Capsaicin (also called Axsain or Zacin) comes from the red chilli pepper. It’s a cream you put on your skin to relieve tingly or burning pain, known as nerve pain. If other drugs aren’t helping nerve pain, it might be worth discussing capsaicin with your doctor.
Bisphosphonates for bone pain
Bisphosphonates are drugs used for bone pain and fractures. They bind to areas where bone has been destroyed. This slows down the damage caused by cancer cells. New bisphosphonate drugs are in clinical trials. They include ibandronate and zoledronic acid (Zometa).
Researchers are looking at Sativex for cancer pain that other strong painkillers don’t control. The main active ingredients of Sativex are tetrahydrocannabinol (THC) and cannabidiol (CBD). Both of these ingredients come from the cannabis (marijuana) plant.
Researchers are looking at adding a low dose of the anaesthetic drug ketamine to other painkillers. They want to see if this can help control nerve pain.
The researchers also want to find out if ketamine helps to improve anxiety, depression and quality of life.
A molecule called Src could be involved with bone pain caused by cancer. Researchers are testing a drug called saracatinib which targets Src. One of the trial's main aims is to see if people take fewer painkillers with saracatinib than with a dummy drug.
Radiotherapy works very well for many people with cancer pain. But for some it doesn’t get rid of the pain. Researchers have looked at how well a second course of radiotherapy worked for cancer that had spread to the bone.
The trial team found that the bone pain responded in around half the people who had treatment and were followed up. They also found that a lower dose of radiotherapy in a single session was as good as a higher dose in 5 sessions.
Radiofrequency ablation (RFA) uses heat to kill nerves as a way of controlling pain. The doctor puts a small tube (catheter) through a cut in the skin. The tip of the catheter produces heat using radio waves. The heat is directed straight at the nerves.
This treatment is still being explored and there have been mixed results. One review found some evidence that it might help with chronic neck pain. But it found little evidence that it helped with other types of back pain.

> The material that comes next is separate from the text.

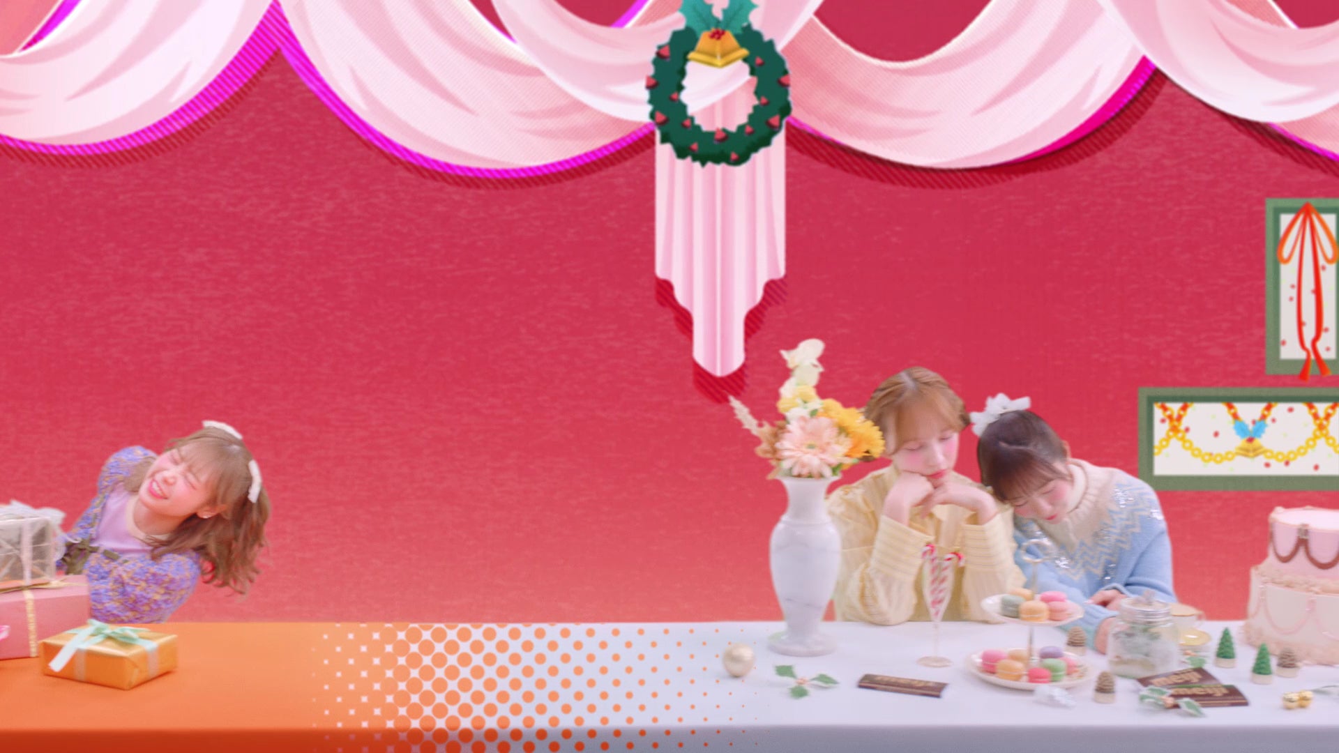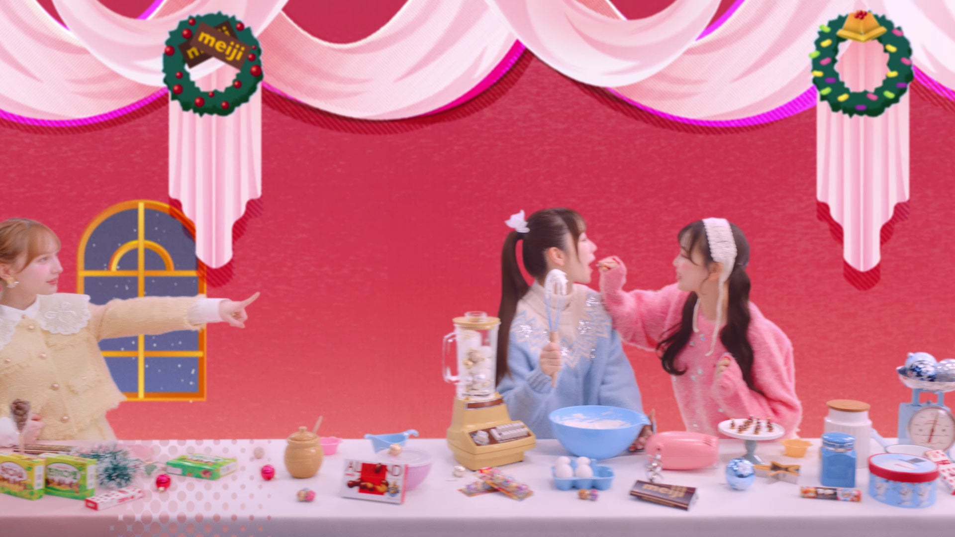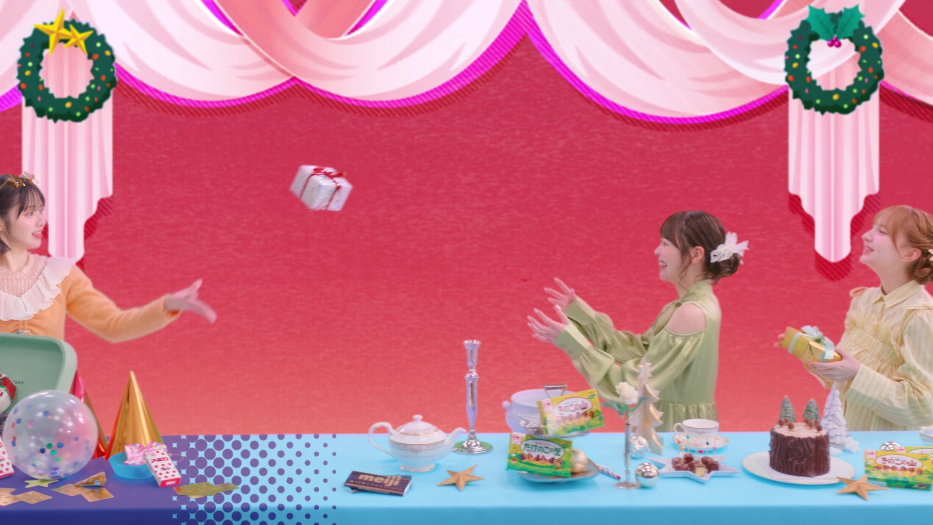 鎮西さんの「クリスマス始まるよ!」という明るい呼びかけから、WebCMはスタート。明治のおかしが色とりどりに机に並ぶクリスマスパーティー会場にFRUITS ZIPPERのメンバーが入ってきます。早瀬さんが横を指さすと、映像が横に動き、メンバーがクリスマスイブの前に準備をしながら楽しそうに過ごす“回想シーン”が次々と現れます。

RFA is sometimes used for pain that comes from pressure on the nerves between the ribs (intercostal nerves).
High Intensity Focal Ultrasound (HIFU)
HIFU is a type of treatment that uses high frequency sound waves. These waves deliver a strong ultrasound beam to a specific part of a cancer, killing some of the cells.
A study is looking at the using HIFU to treat pain from cancer spread to the bone (bone metastases or secondary bone cancer).
Electrical Nerve Stimulation - TENS
TENS stands for Transcutaneous Electrical Nerve Stimulation. By stimulating the nerves that run up the spine to the brain, it blocks the nerves carrying pain messages.
You have small pads stuck onto your skin where you feel pain, or on your back. These release a small electrical charge, which causes a tingling feeling in your skin.
Some studies have shown that TENS might be helpful for pain control. A small UK trial that reported in 2010 looked at TENS for bone cancer pain. It found that TENS could relieve pain for some people with cancer that had spread to the bone, particularly on movement. But larger trials are needed.